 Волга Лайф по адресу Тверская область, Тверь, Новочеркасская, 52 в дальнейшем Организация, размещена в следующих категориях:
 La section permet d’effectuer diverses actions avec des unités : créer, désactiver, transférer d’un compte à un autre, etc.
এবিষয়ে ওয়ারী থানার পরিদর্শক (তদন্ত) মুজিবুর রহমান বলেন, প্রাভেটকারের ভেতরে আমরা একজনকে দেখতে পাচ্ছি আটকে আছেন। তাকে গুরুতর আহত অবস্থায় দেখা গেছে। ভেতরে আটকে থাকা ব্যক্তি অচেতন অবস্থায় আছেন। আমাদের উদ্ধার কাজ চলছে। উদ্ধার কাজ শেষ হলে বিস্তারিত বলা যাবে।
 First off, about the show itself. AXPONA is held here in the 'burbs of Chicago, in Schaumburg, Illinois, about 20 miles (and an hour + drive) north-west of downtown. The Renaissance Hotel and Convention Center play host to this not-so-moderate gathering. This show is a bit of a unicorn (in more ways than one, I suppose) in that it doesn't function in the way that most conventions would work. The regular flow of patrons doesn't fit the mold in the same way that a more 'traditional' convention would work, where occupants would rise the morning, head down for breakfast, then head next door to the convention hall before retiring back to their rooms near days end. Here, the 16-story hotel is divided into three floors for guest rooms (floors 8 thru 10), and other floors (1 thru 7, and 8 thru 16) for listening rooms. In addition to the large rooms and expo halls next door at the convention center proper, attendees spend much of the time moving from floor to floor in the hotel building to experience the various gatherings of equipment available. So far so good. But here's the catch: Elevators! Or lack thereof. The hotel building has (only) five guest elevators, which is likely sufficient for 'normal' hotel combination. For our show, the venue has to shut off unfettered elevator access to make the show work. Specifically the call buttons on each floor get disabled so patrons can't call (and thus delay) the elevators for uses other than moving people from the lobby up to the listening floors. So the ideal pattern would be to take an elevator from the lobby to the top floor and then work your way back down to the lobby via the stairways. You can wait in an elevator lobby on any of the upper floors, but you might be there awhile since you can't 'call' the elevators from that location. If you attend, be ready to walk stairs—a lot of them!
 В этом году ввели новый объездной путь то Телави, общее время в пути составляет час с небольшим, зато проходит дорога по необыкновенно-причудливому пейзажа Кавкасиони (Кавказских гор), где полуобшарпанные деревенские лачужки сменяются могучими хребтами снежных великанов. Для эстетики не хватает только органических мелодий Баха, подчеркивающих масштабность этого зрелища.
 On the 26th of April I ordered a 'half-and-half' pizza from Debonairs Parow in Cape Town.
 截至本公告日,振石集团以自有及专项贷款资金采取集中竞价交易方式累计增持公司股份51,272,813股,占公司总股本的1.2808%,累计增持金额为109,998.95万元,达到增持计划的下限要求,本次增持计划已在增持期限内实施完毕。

- - - - - - -

- PROBLEM DETAILS
From the start of the data to the line that holds "এবিষয়ে ওয়ারী থানার", retype each line exactly, with both ends included.

- OUTPUT OF THE TASK
 Волга Лайф по адресу Тверская область, Тверь, Новочеркасская, 52 в дальнейшем Организация, размещена в следующих категориях:
 La section permet d’effectuer diverses actions avec des unités : créer, désactiver, transférer d’un compte à un autre, etc.
এবিষয়ে ওয়ারী থানার পরিদর্শক (তদন্ত) মুজিবুর রহমান বলেন, প্রাভেটকারের ভেতরে আমরা একজনকে দেখতে পাচ্ছি আটকে আছেন। তাকে গুরুতর আহত অবস্থায় দেখা গেছে। ভেতরে আটকে থাকা ব্যক্তি অচেতন অবস্থায় আছেন। আমাদের উদ্ধার কাজ চলছে। উদ্ধার কাজ শেষ হলে বিস্তারিত বলা যাবে।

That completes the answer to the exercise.